### Problem
Look through the data below and output, unchanged, every line from the one holding "히브리어구약BHS,31 הַשֶּׁמֶשׁ יֵהָפֵךְ" through the one holding "Καιρός Αύριο Δευτέρα", inclusive. Skip the pictures.

======== Input records

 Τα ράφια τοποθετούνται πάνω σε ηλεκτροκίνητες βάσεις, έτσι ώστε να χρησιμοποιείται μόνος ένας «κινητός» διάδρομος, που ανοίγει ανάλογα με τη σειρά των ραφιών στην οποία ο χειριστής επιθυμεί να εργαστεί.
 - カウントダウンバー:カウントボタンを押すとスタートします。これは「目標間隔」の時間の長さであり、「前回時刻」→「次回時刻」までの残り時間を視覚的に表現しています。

================
======== Input records

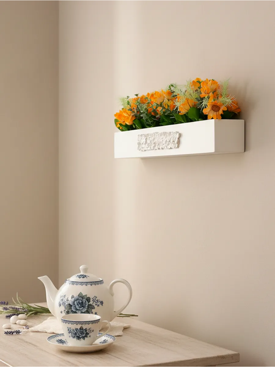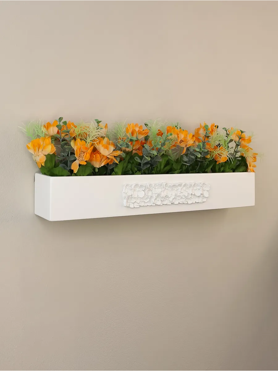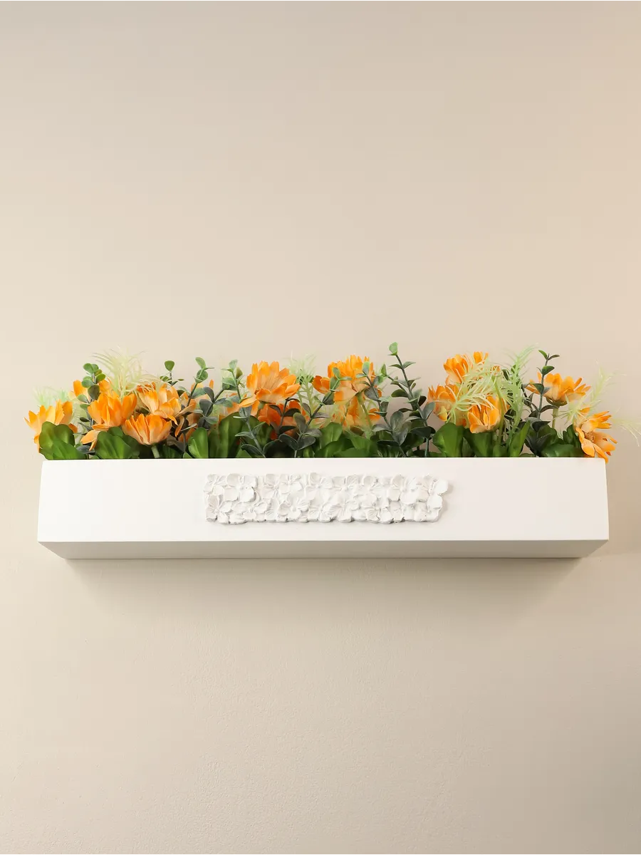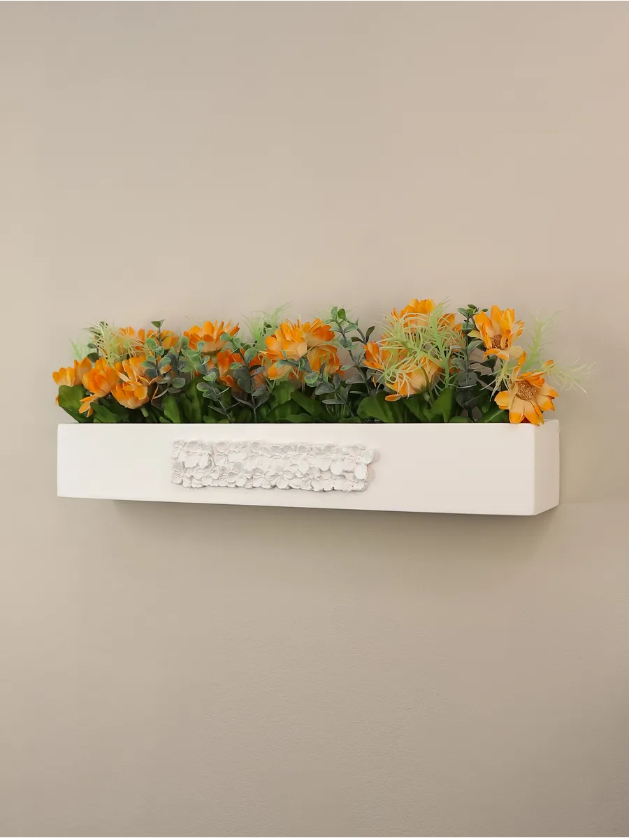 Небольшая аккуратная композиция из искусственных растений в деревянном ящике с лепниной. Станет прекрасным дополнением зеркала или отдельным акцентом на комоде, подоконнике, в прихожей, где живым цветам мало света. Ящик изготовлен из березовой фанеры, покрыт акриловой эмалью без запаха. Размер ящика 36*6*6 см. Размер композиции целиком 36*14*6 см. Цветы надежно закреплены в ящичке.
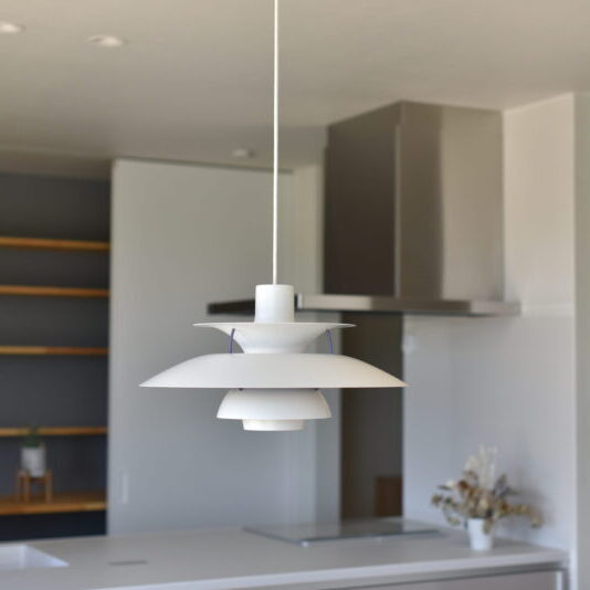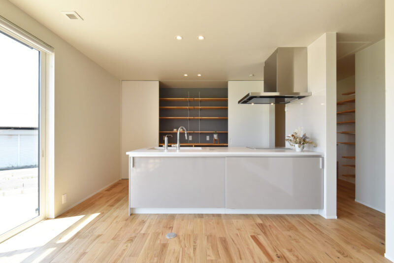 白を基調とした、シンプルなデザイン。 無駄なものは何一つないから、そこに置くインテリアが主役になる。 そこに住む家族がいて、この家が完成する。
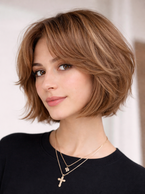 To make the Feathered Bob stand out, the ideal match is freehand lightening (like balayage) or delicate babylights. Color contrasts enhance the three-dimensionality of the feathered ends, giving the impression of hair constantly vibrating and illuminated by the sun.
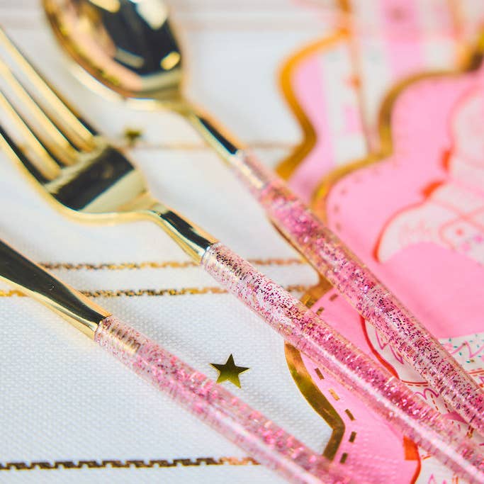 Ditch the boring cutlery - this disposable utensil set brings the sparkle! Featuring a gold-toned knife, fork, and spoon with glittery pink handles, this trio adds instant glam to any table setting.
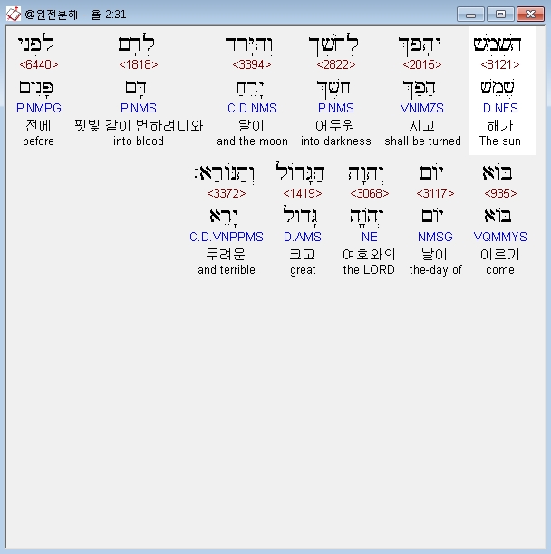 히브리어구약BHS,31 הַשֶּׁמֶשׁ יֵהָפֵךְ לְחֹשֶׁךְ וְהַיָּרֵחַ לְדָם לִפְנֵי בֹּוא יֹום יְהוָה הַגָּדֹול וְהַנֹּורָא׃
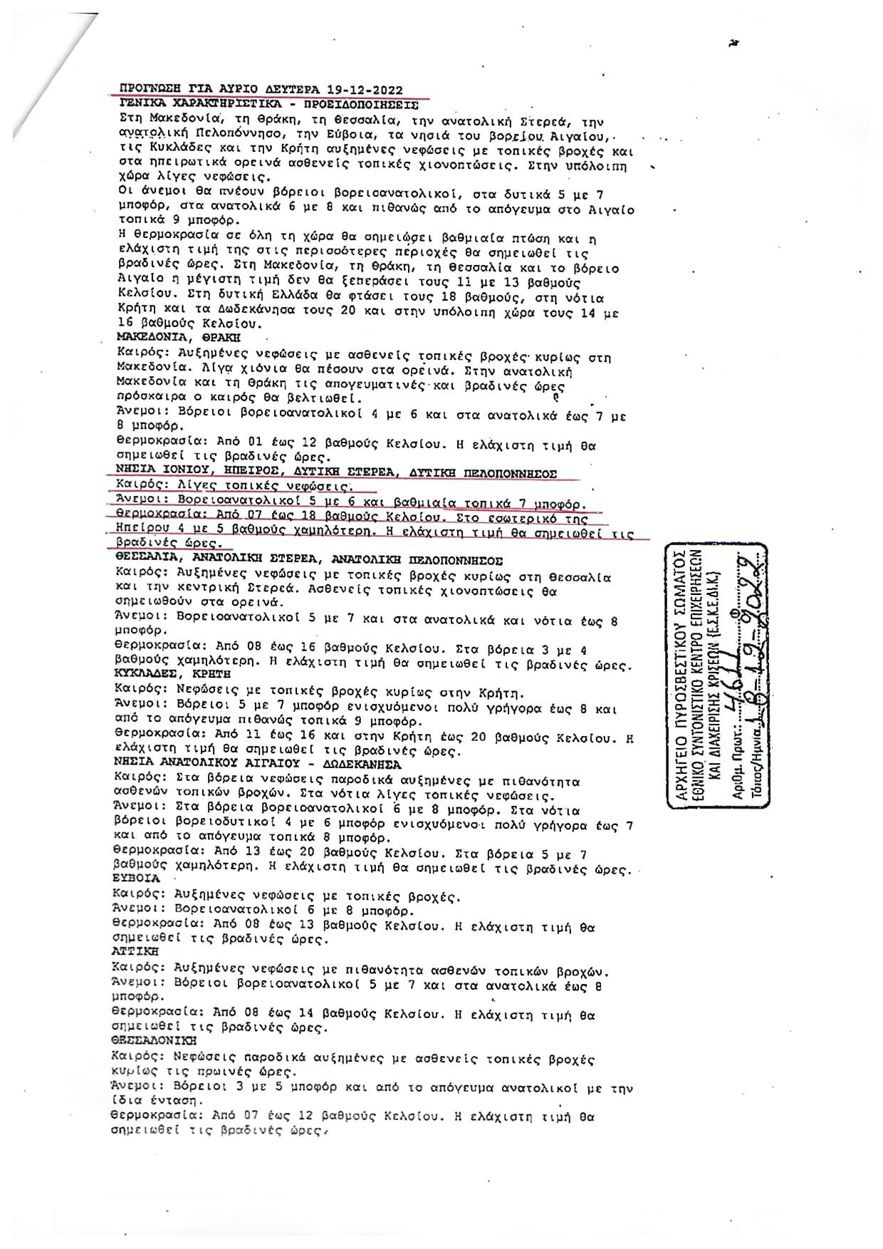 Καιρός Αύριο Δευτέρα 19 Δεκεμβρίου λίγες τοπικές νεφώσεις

================

### Response to the task
 히브리어구약BHS,31 הַשֶּׁמֶשׁ יֵהָפֵךְ לְחֹשֶׁךְ וְהַיָּרֵחַ לְדָם לִפְנֵי בֹּוא יֹום יְהוָה הַגָּדֹול וְהַנֹּורָא׃
 Καιρός Αύριο Δευτέρα 19 Δεκεμβρίου λίγες τοπικές νεφώσεις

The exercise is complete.